## Exercise aim:
The entries below are to be restated exactly, and their images are to be omitted.

━━━━━ Extracted records ━━━━━

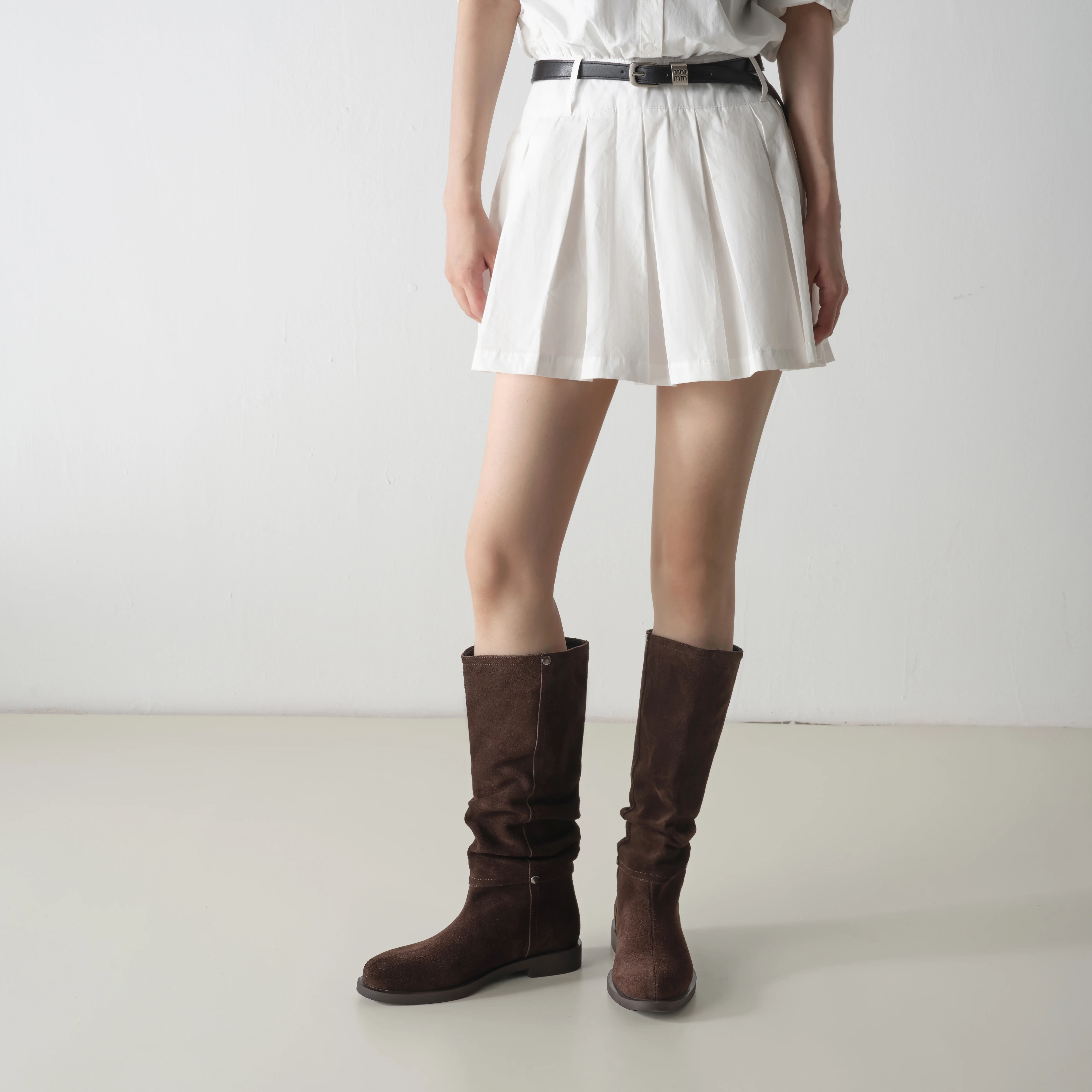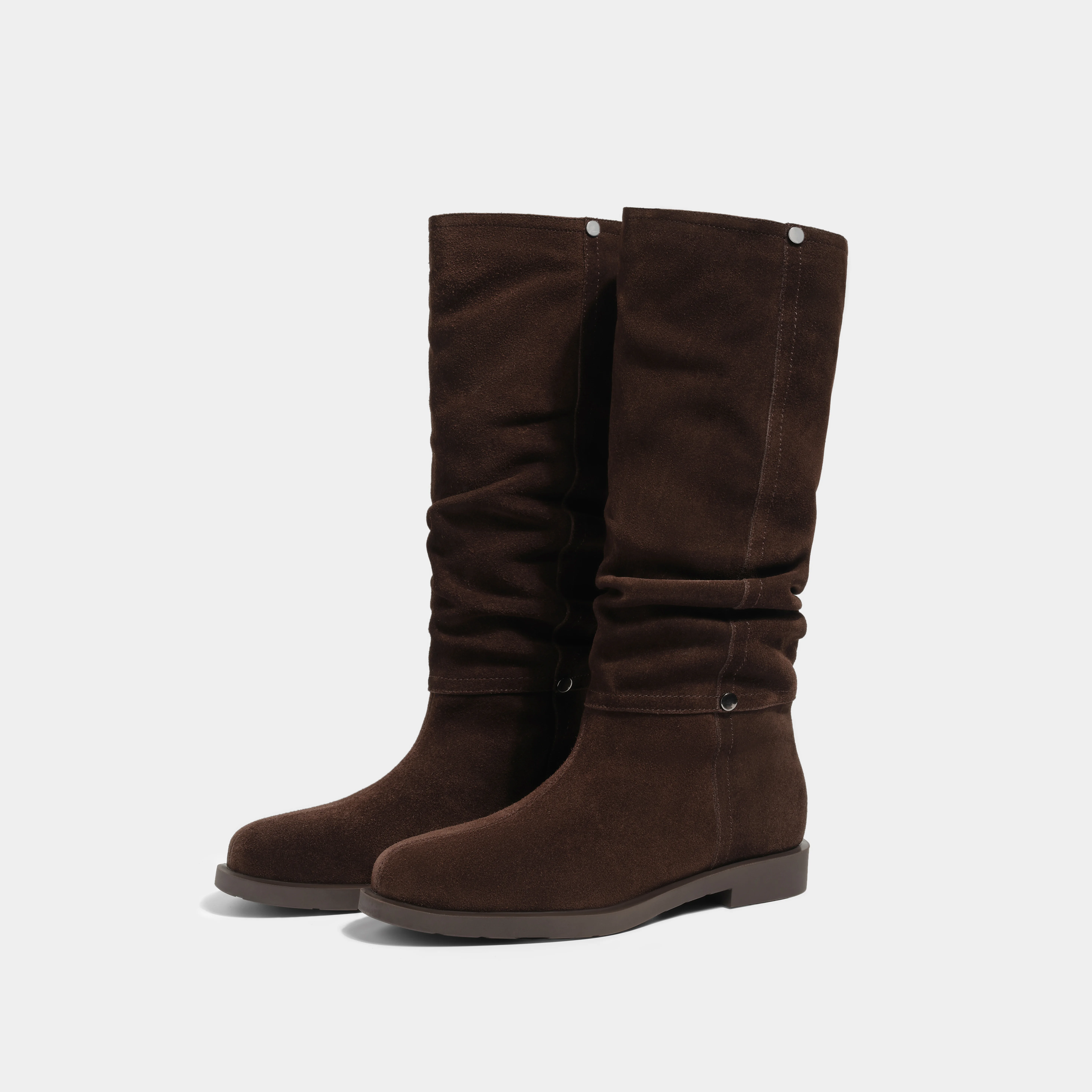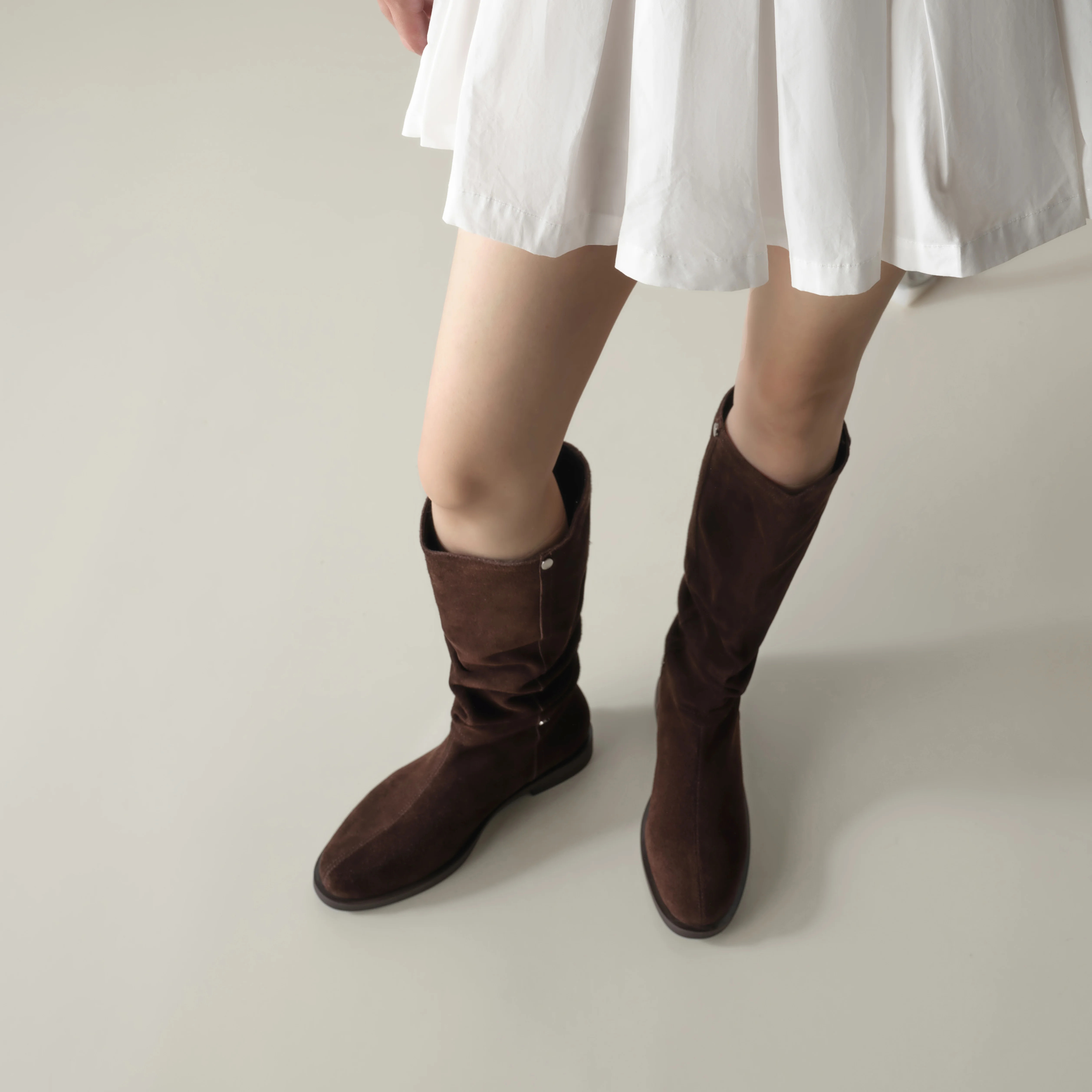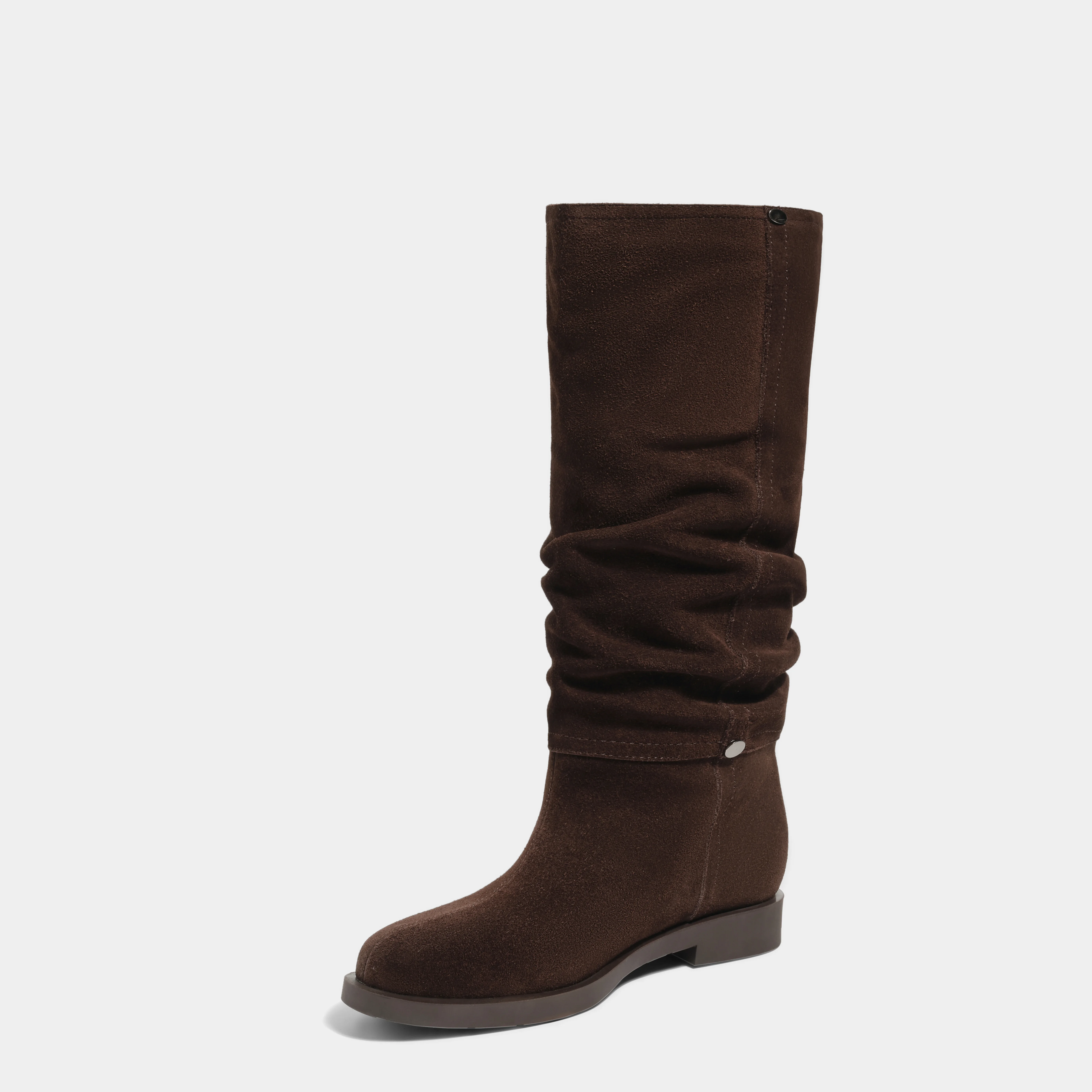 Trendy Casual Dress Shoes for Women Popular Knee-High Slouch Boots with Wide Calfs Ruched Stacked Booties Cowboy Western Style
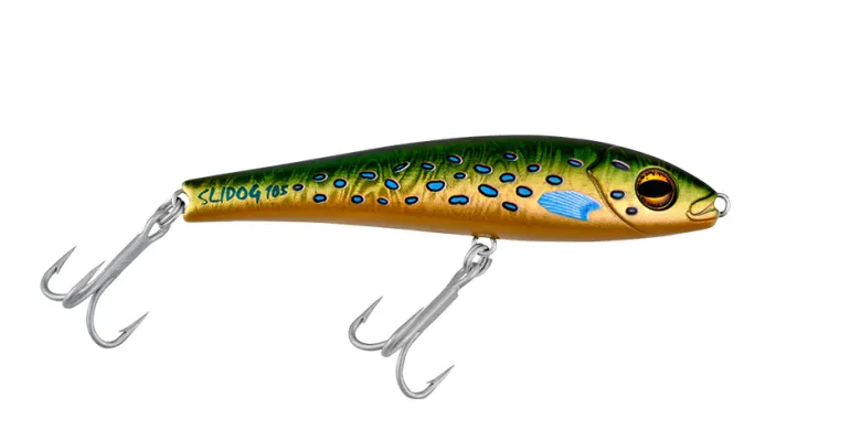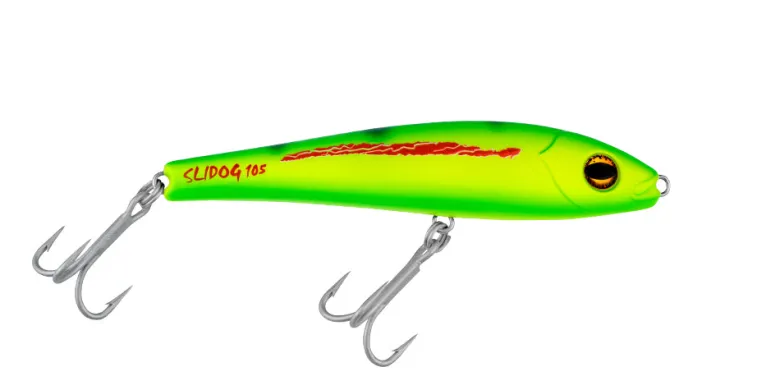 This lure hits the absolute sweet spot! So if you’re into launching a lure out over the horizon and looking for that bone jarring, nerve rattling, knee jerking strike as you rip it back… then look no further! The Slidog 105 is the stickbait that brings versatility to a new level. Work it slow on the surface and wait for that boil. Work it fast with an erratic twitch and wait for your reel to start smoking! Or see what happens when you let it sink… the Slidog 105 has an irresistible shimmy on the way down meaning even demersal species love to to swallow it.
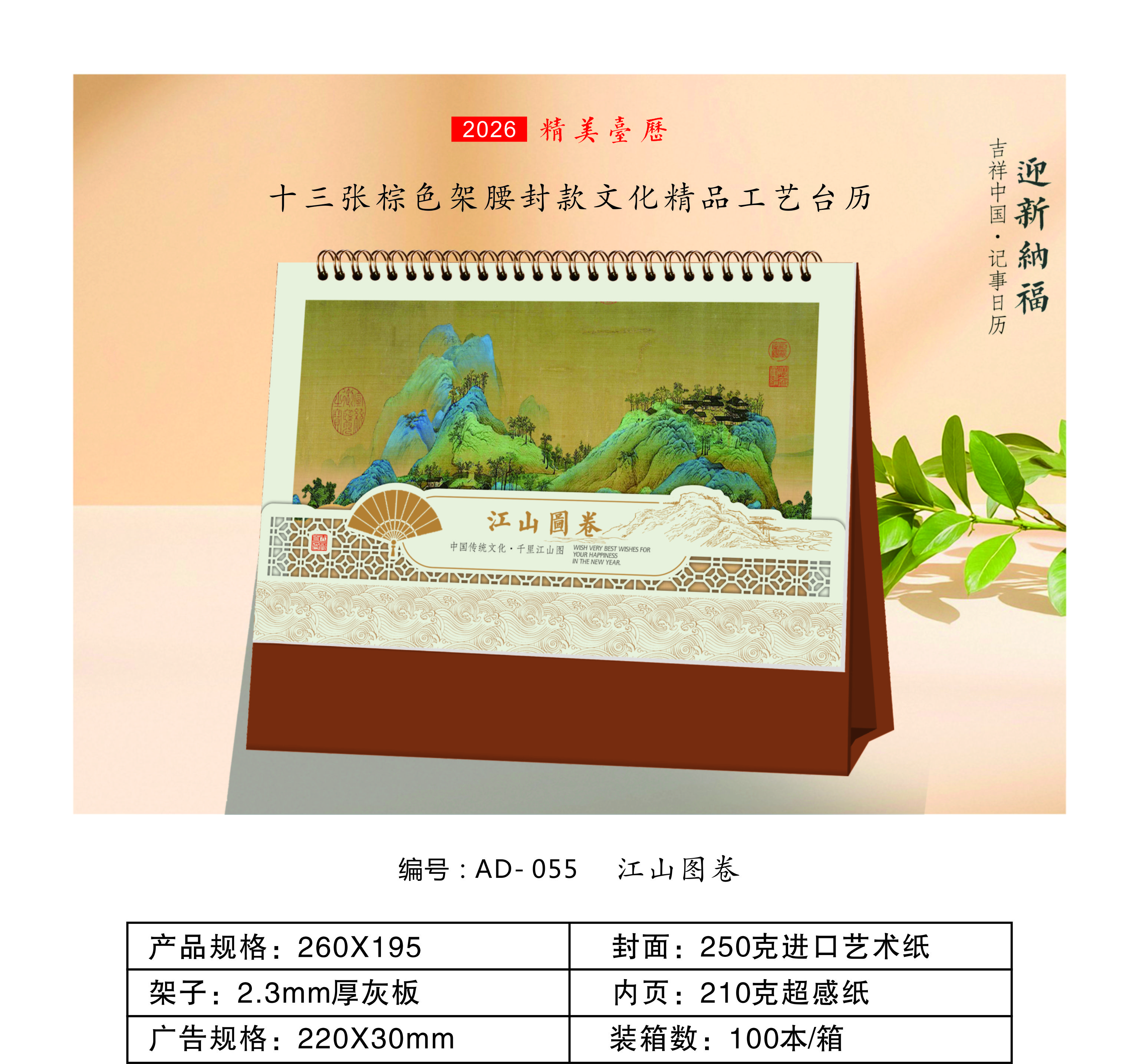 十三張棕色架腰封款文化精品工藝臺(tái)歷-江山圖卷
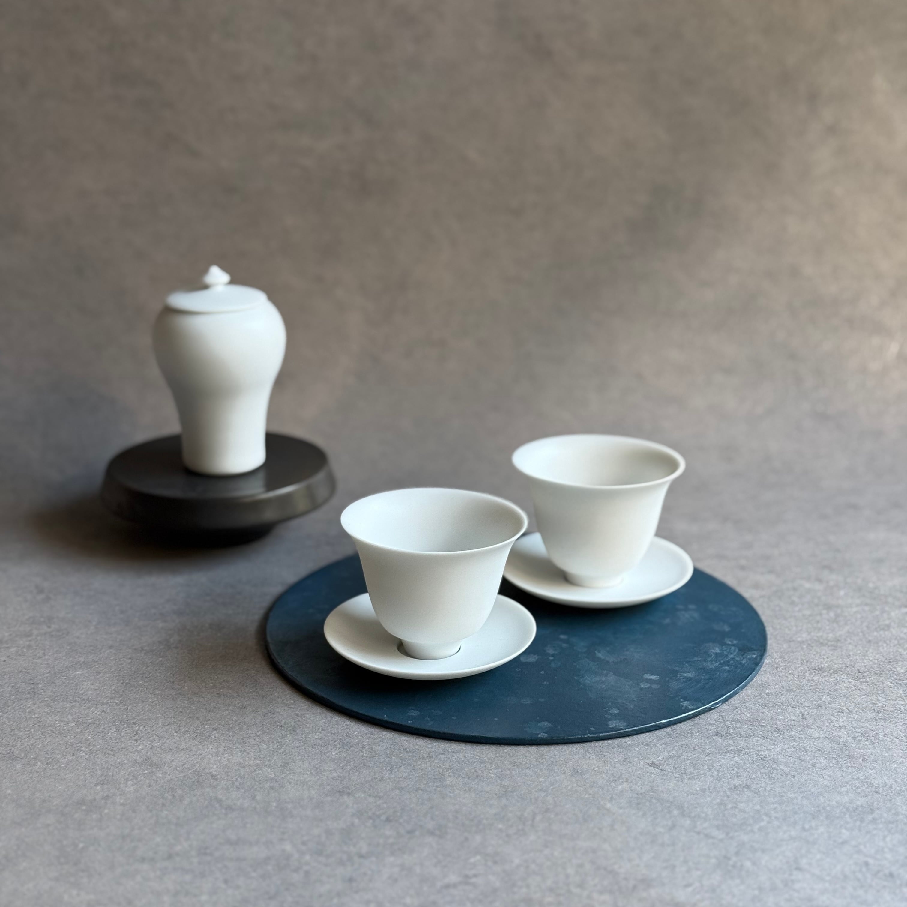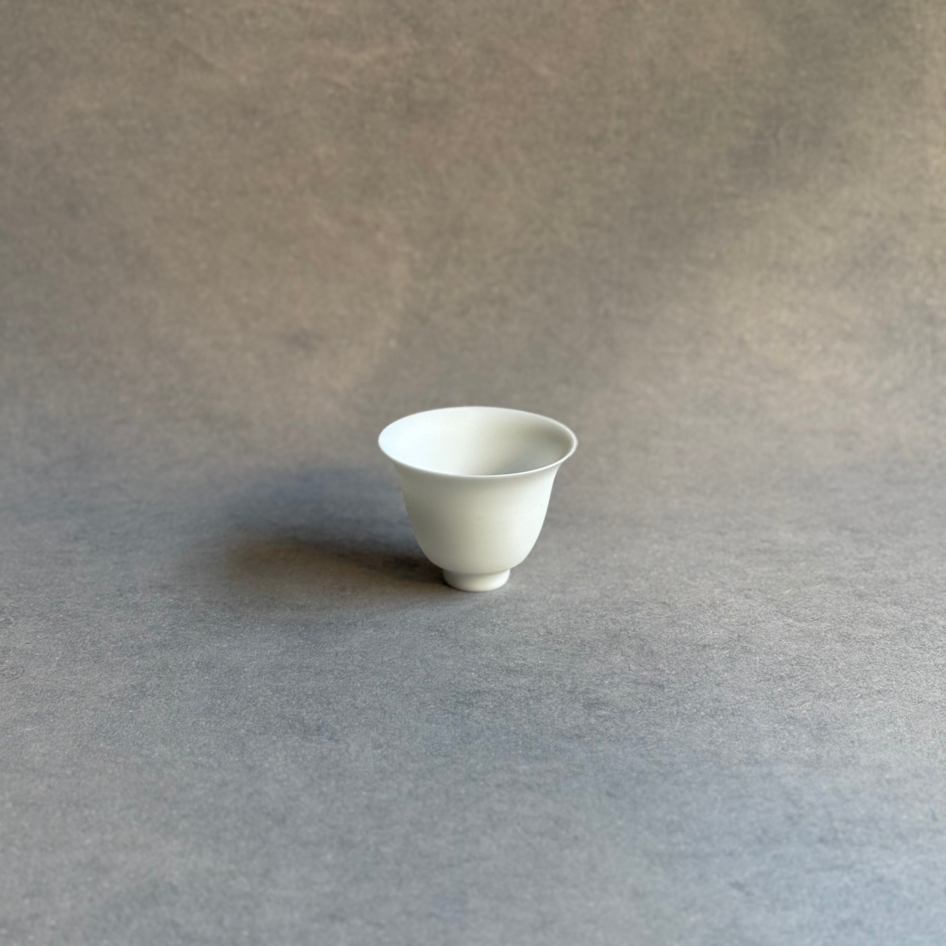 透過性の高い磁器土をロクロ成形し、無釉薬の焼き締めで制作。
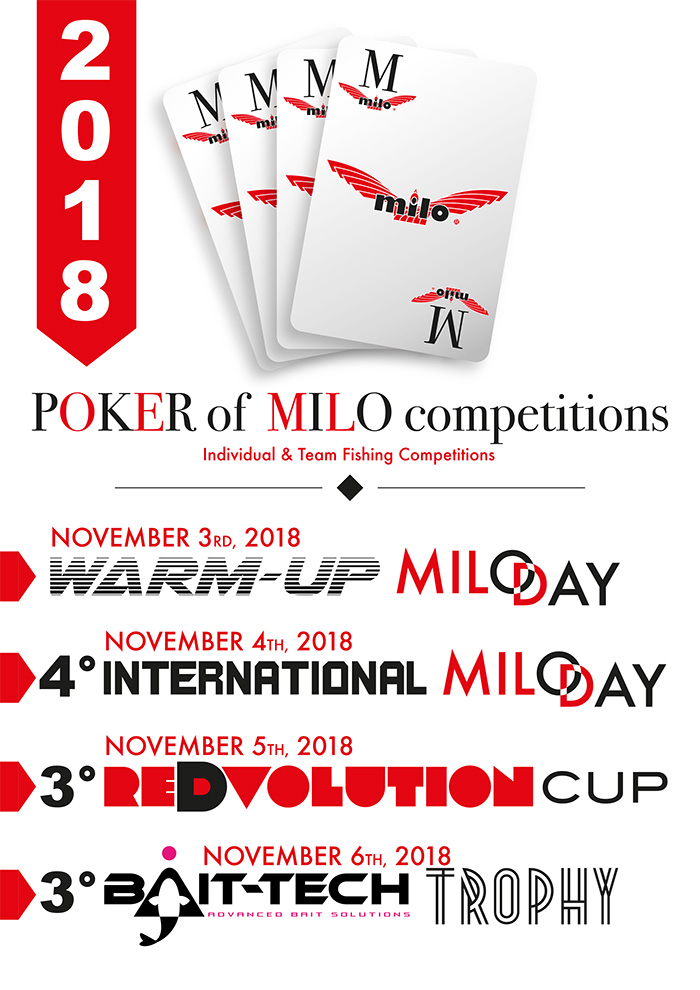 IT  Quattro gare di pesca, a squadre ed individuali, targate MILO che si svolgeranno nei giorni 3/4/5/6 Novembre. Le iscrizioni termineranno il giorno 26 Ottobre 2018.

━━━━━

## Expected answer:
 Trendy Casual Dress Shoes for Women Popular Knee-High Slouch Boots with Wide Calfs Ruched Stacked Booties Cowboy Western Style
 This lure hits the absolute sweet spot! So if you’re into launching a lure out over the horizon and looking for that bone jarring, nerve rattling, knee jerking strike as you rip it back… then look no further! The Slidog 105 is the stickbait that brings versatility to a new level. Work it slow on the surface and wait for that boil. Work it fast with an erratic twitch and wait for your reel to start smoking! Or see what happens when you let it sink… the Slidog 105 has an irresistible shimmy on the way down meaning even demersal species love to to swallow it.
 十三張棕色架腰封款文化精品工藝臺(tái)歷-江山圖卷
 透過性の高い磁器土をロクロ成形し、無釉薬の焼き締めで制作。
 IT  Quattro gare di pesca, a squadre ed individuali, targate MILO che si svolgeranno nei giorni 3/4/5/6 Novembre. Le iscrizioni termineranno il giorno 26 Ottobre 2018.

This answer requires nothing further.